路地裏での出会い
猫、人になりました、ご注意
ユースヴィルに手を繋がれながら、私は顔に熱が集まってしまって路地から出られなくなっていた。
そんな私に笑顔で「ゆっくりで良いぞ」と笑うユースヴィル。
余裕なのが少し悔しい。
私は落ち着く為に深呼吸を繰り返していたが、ユースヴィルと言えば繋いでいるその手にキスを繰り返したりとまた熱の上がる行動をしては不敵に笑みを浮かべるのだ。

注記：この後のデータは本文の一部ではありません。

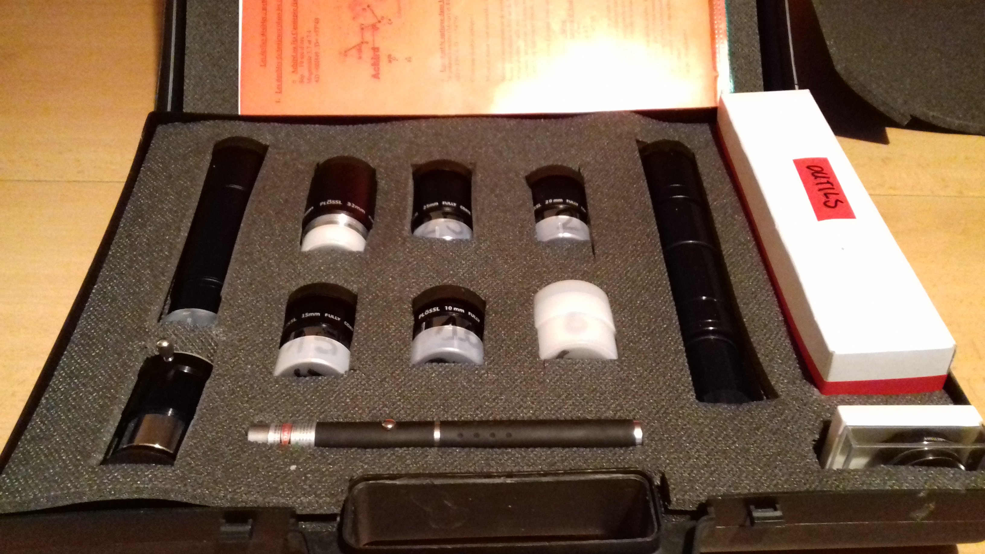 Nouvelle valise (car trop de matériel désormais) en cours de finitions. Les anciennes étaient blindées et je devais transporter en deux parties. Après toutes ces années, c'est bientôt fini, il me manque 3 oculaires dont un en route pour doubler le Morpheus 6.5 :

そんなやりとりを十分は続けていたその時、猫の鳴き声がして私達は二人して路地の奥を振り返った。
「あ」
「ん?猫か」
とことこ歩いて来た猫は、私の足元に座り込んだ。
そして甘えるように喉を鳴らした。
「この猫……あの、しつこい猫だ」
「なんだと!?」
足元にいた猫をひょいと抱き上げると、猫の方が不満そうに鳴いた。
「遠くに捨ててくる」
「流石にそれは……」
「じゃあ、通りを出て三つ先の魚屋の前に置いてくる」
「放っておいて良いのよ?」
私がそう言うと、猫の方がうごうごと両足を私の方に伸ばす。
元々メスに対して寄っていく猫だったからなのか、それともあの白猫が私だと分かるのか分からないけれど、やはりその猫は私に執着する。
「なあん」
「なあんじゃない、飼い主のところに戻れ」
しっしっと手を払う仕草をするユースヴィルに、さっきまでの余裕は無さそうだ。
思わず笑ってしまうと、ユースヴィルは「なんだよ」とふてくされたような顔をした。
「この子は今猫なのに?」
「それは関係無い、オスだろコイツ」
じっと猫を見るとユースヴィルは「油断ならない」と視線が怖い。
「ひとまず路地を出ようよ、私はもう平気だから」
「……それもそうだな、じゃあな猫、お前は来るんじゃ無いぞ」
「みゃおぉう」
低く唸った鳴き声に、ニヤリと笑うと。
ユースヴィルは私の手を引いて歩き出す。
「確かにコイツは擦り寄りたくなるくらいの美人だが、俺のパートナーなんだ。
残念だが別の猫を探してくれ」
「ユースヴィルってば、大人気ないよ」
「良いんだ」
急に子供っぽくなってしまったユースヴィルの「パートナー」と言う言葉が嬉しくて、私も振り返って「ごめんね」と伝えた。
「私も、ユースヴィルが一番だから。
誰かの隣にはもう一緒に居られないわ」
「ぬぁーん」
ゆらゆらと尻尾を揺らす猫に手を振って、私達は路地を出る。
そして当初の目的通りに役所近くのパン屋さんへ向かって、私とユースヴィルはクリームパンを買った。
たっぷりのカスタードクリームと生クリームが入ったそのパンを食べると、ぶしゅっとクリームが飛び出て来て慌てていると、ユースヴィルが声を上げて笑った。
そんな普通の日が楽しくて、私はユースヴィルと同じく笑ってその日を過ごしたのだった。